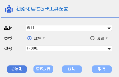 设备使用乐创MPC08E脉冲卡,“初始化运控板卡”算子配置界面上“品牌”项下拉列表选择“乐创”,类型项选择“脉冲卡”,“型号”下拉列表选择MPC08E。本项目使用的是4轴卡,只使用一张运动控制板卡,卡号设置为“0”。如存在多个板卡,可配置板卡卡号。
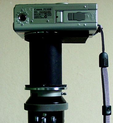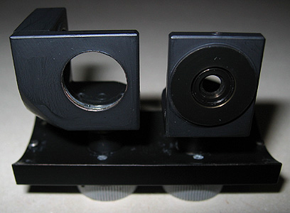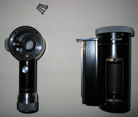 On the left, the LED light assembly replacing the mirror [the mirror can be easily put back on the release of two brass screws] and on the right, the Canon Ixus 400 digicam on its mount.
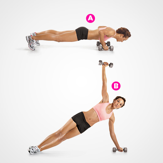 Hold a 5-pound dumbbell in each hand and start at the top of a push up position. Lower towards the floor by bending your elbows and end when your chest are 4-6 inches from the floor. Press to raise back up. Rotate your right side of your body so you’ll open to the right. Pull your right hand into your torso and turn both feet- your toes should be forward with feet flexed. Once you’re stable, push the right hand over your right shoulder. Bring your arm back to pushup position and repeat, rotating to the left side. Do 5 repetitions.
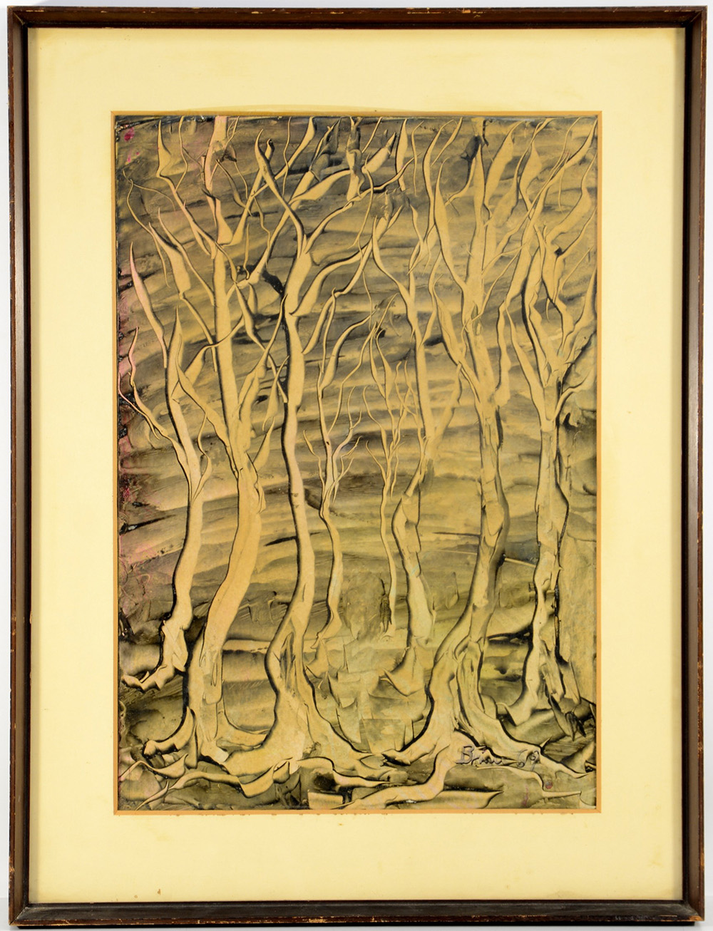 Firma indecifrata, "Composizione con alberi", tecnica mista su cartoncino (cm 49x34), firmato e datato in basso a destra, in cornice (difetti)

===============

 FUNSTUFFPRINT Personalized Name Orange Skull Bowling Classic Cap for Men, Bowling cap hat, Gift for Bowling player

===============

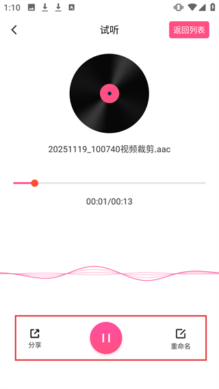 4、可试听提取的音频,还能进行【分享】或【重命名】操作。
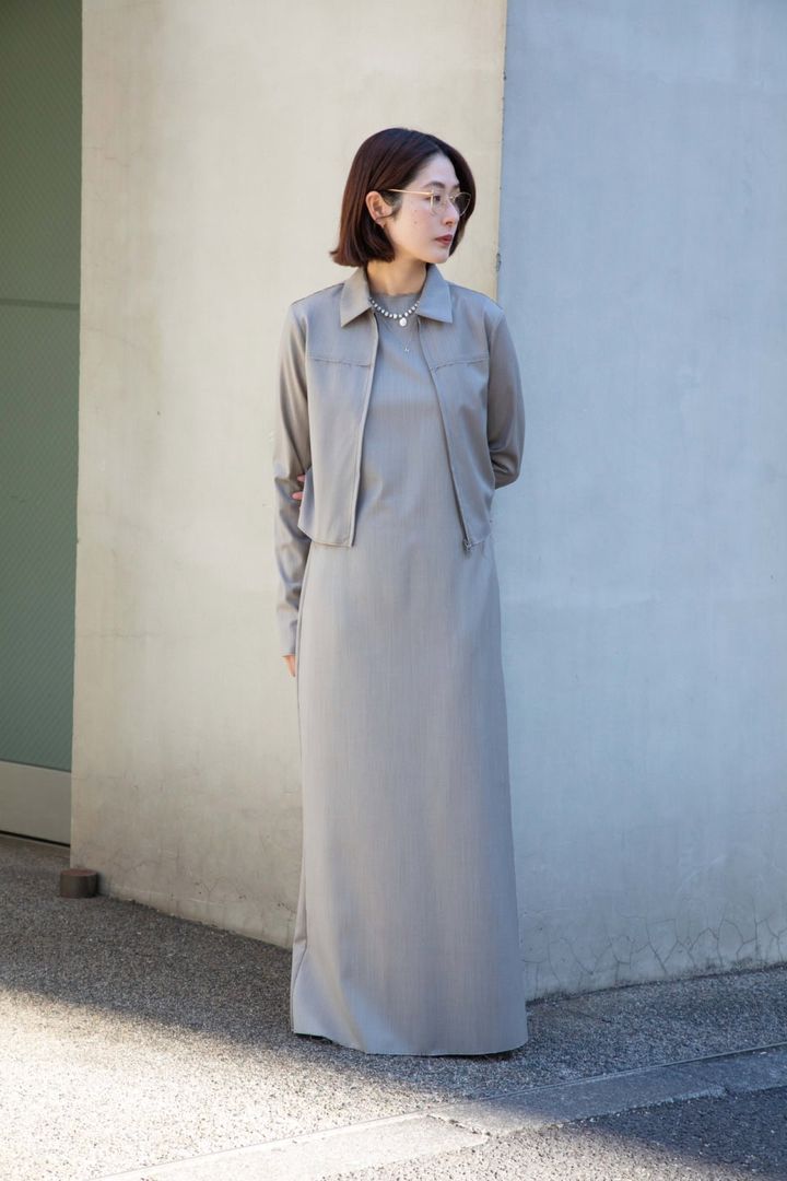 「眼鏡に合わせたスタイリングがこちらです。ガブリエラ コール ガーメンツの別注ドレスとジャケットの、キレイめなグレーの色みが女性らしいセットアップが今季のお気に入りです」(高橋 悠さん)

===============

What this task involves — Pictures in the material above should be skipped; print exactly the lines from the one with "Hold a 5-pound" through the one with "in cornice (difetti)".

Answer area —
 Hold a 5-pound dumbbell in each hand and start at the top of a push up position. Lower towards the floor by bending your elbows and end when your chest are 4-6 inches from the floor. Press to raise back up. Rotate your right side of your body so you’ll open to the right. Pull your right hand into your torso and turn both feet- your toes should be forward with feet flexed. Once you’re stable, push the right hand over your right shoulder. Bring your arm back to pushup position and repeat, rotating to the left side. Do 5 repetitions.
 Firma indecifrata, "Composizione con alberi", tecnica mista su cartoncino (cm 49x34), firmato e datato in basso a destra, in cornice (difetti)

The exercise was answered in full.